WESTFIELD - Sein (Say-en) Oh, born in South Korea, is like any other 23- year-old young woman. She has hopes and dreams for a bright future.
But unlike most people her age, she is a gifted jazz pianist and hopes for a career where she can play and share her beloved jazz. "I eventually want to move to New York City, where the jazz scene is huge," she says. "I'm hoping to sit in with some of the jazz greats and gets gigs. And I want to teach."
Sein's first experience with jazz was when she was a girl growing up in South Korea, where she heard the music of Bill Evans and bought his CD, 'Portrait in Jazz.' "It's all I had for a long time, so I played it over and over," Sein said. Bob James, a smooth jazz piano musician, from the group Four Play, was also an early influence.
Catch Bruce Johnstone and Sein Oh in an impromptu jazz session at the Patterson Library, at 6 p.m., today.
Her "break" came when she became an exchange student in high school with the family of Richard and Melvia Mellors of Ripley, New York. The Mellors' recognized her talent right away and introduced her to Bruce Johnstone, renowned international saxophone player and Director of Curriculum Jazz Ensemble at SUNY Fredonia. He and his wife, Robyn, reside in Ripley. "Bruce gave me lessons while I was in high school in Ripley," remarked Sein.
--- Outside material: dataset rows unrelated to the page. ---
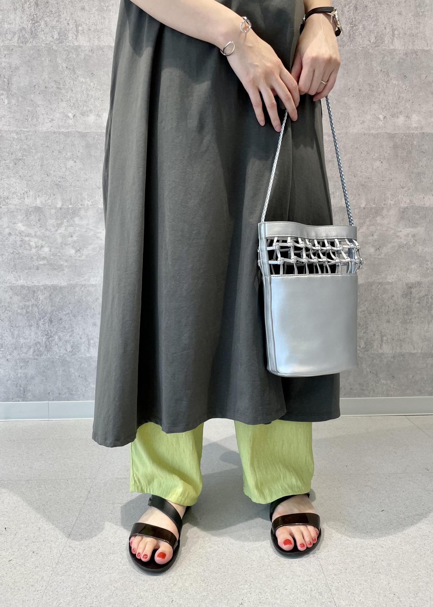 スミクロというシックなカラーのワンピースなので、夏らしく明るいカラーのパンツを合わせて、清涼感をプラスしています。 デザインがとにかくシンプルなので、小物もたくさん使用していますが、全てシルバーで統一しているところもポイントです。
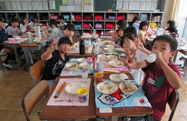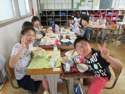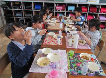 4年1組の給食の様子です。 いつも元気のいい給食タイムです。
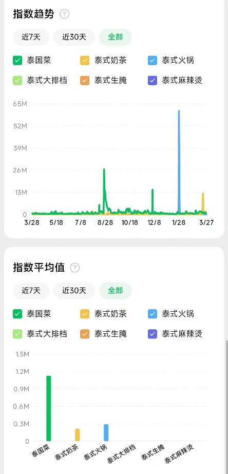值得一提的是,“泰式咖啡”暂未被收录,而热度搜索除了泰国菜呈现了多个周期,其它的小类基本只有一个高峰期,而且这个高峰期很虚,来得快去得更快。

After finishing high school in Ripley, Sein went to the University of North Texas where she pursued a degree in music and is now about to finish her MM in Jazz Studies, emphasis on Jazz Piano Performance. It wasn't easy for her, however.
"I had a hard time at first at North Texas," explained Sein. "It felt like everyone was playing at a professional level and I had to catch up. I felt intimated and didn't have any confidence in myself."
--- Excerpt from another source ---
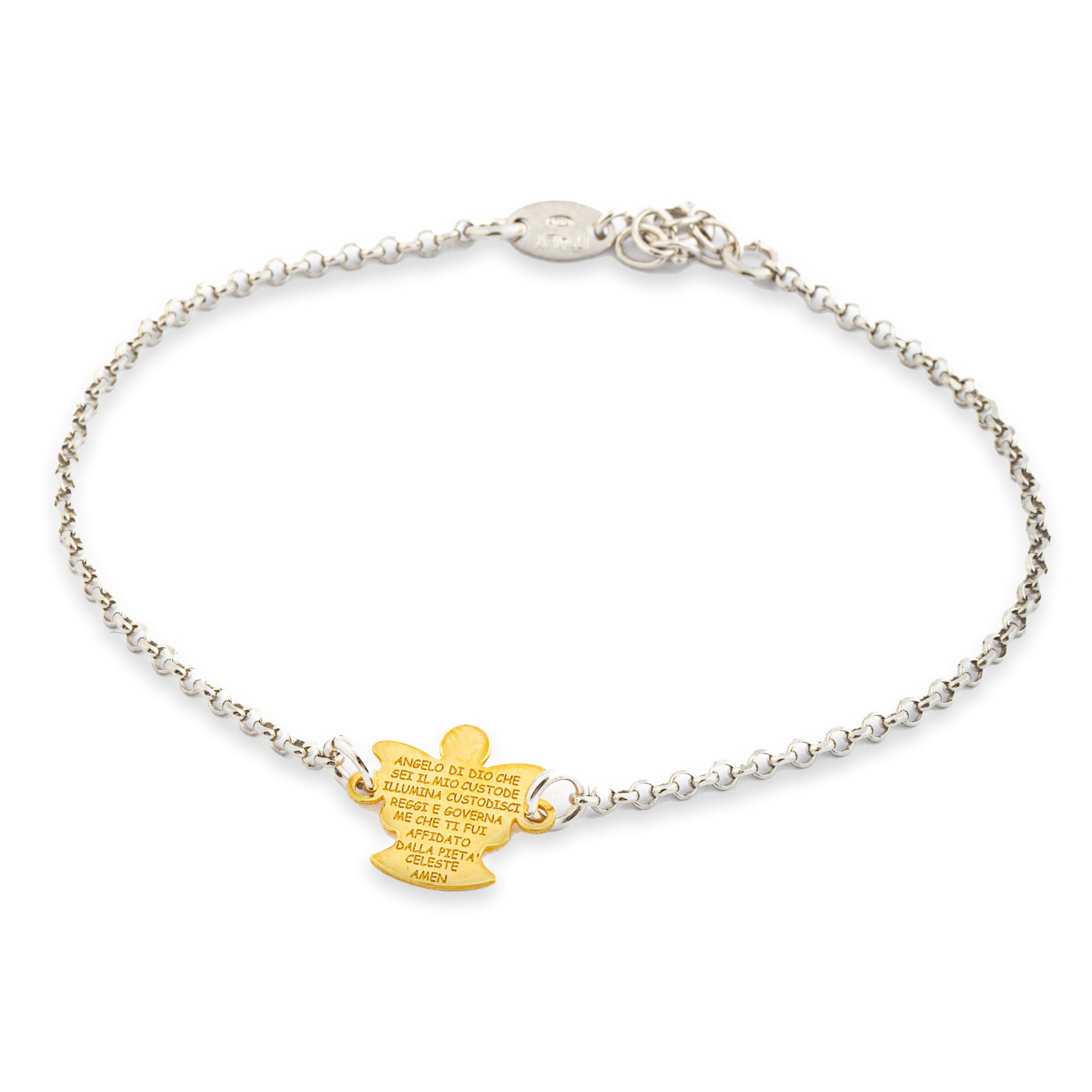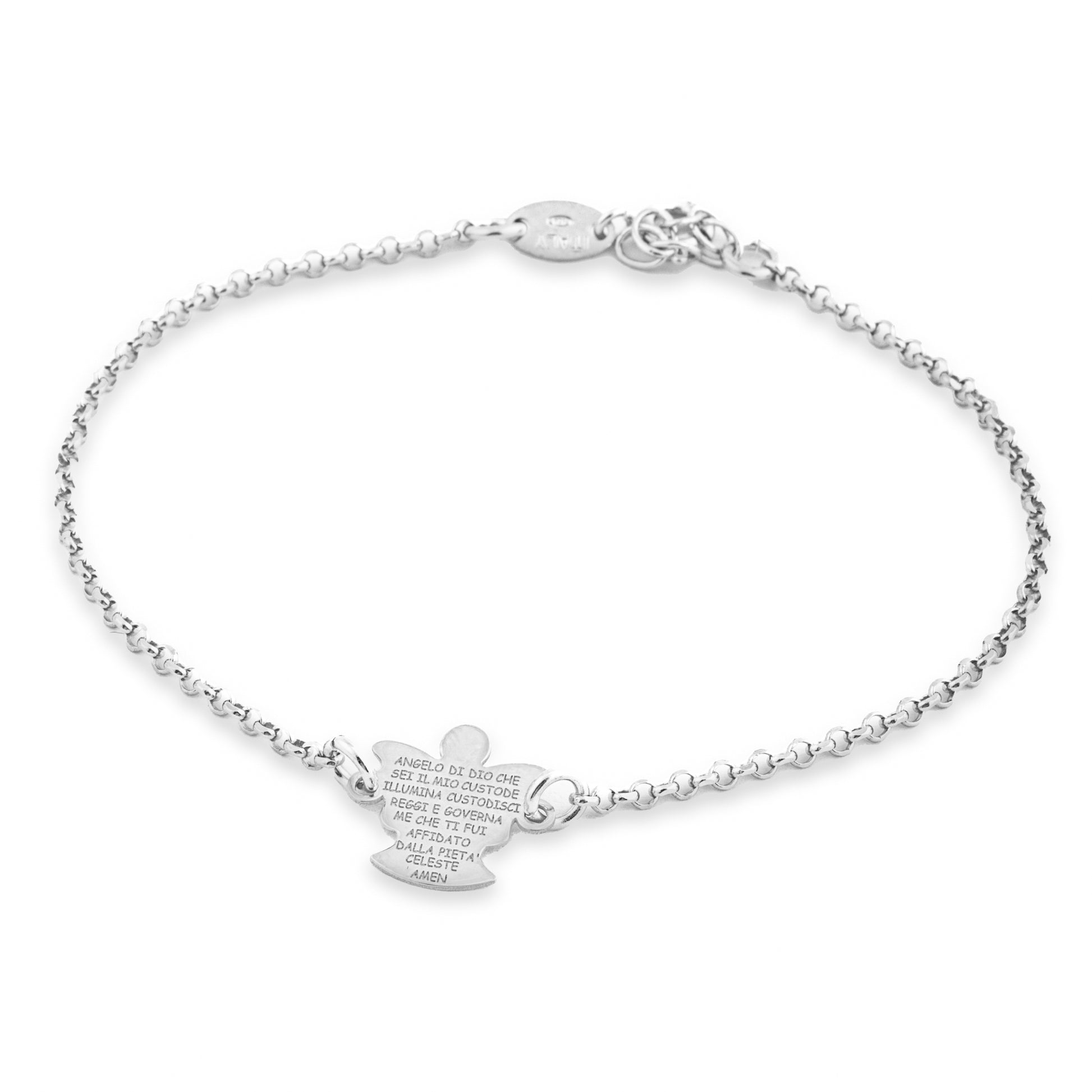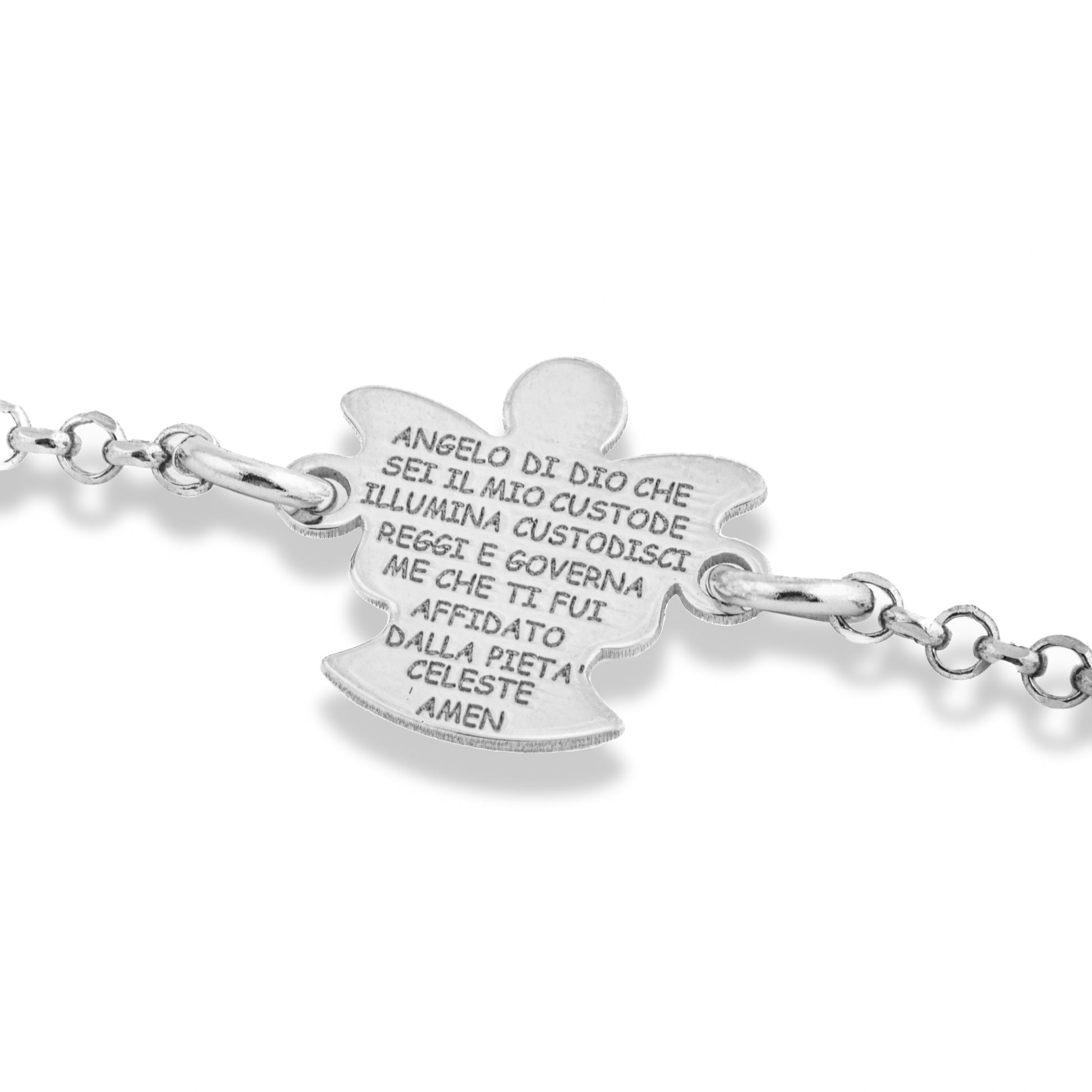 Esclusivo bracciale in argento 925 con maglia rolò e angelo con incisione a laser con preghiera. Realizzato con materiali di alta qualità. Lunghezza: 17cm. Estensione 2,5cm

"In my freshman year, I went to a faculty jam session. My professor, Stefan Karlsson, asked me if I wanted to play," Sein relates. "I can only play F blues," she told him. Being assured that was fine, she went forward, only to be asked if she could play E flat. "Uh, yeah," she stammered and proceeded to be totally lost, alternately playing E flat, B flat during the number. "I was so embarrassed," she said. "I cried all the way home." Robyn Johnstone, Bruce's wife assured Sein. "It's always better to learn first, rather than bluff your way through." Sein's first real gig came in her junior year; a semester playing at a Dallas Japanese restaurant.
"It's all about the stories," Bruce Johnstone told Sein. "Jazz musicians love to just get together and tell stories about their experiences," he said. "We're rolling on the floor laughing by the time the evening's done!"
Sein has a few stories of her own already. She talks about another gig she had, during her senior year, at North Texas. "For a couple months, about three times a week, I went with a bass player to this woman's house and played for her. There was nobody there, just her and her pugs." Sein laughs. "She would sing to the music and dance around with her pugs."
Sein has been fortunate to be able to play with various jazz groups such as Dave Alexander's Big Band and The Gainesville Swing Orchestra.
She plays piano for services at her church, Spring Creek Cowboy Church, in Texas; and she teaches piano to 5- through 12 year olds at Stomp Music Studios in Keller, Texas.
For her senior recital, Sein played "Infant Eyes" by Wayne Shorter. "I recorded my recital and sent it to Bruce," she said. Bruce told her, "There were a lot of 'wows' when I played it." She has since played with Bruce Johnston locally in the Buffalo area. "When Sein came to Buffalo, she was really amazing," Bruce said.
Sein writes music as well. She and Bruce will be performing one of her original works, "It's Raining Outside," this evening at Patterson Library in Westfield.
"Music is based on speech patterns," Bruce told her. He agrees that a musician can be technically perfect and still not good. "You've got to play to the words to the music, put emotion and feeling into your work," he encouraged. "If there aren't any words, make some up in your head."
Bruce concluded with, "Sein has developed into a valid and believable jazz player. Everything she learned at North Texas she's applied. Last time we played together, it was great fun."
Catch Sein Oh and Bruce Johnstone in an impromptu jazz session at the Patterson Library in West-field between 6 and 7 p.m., today.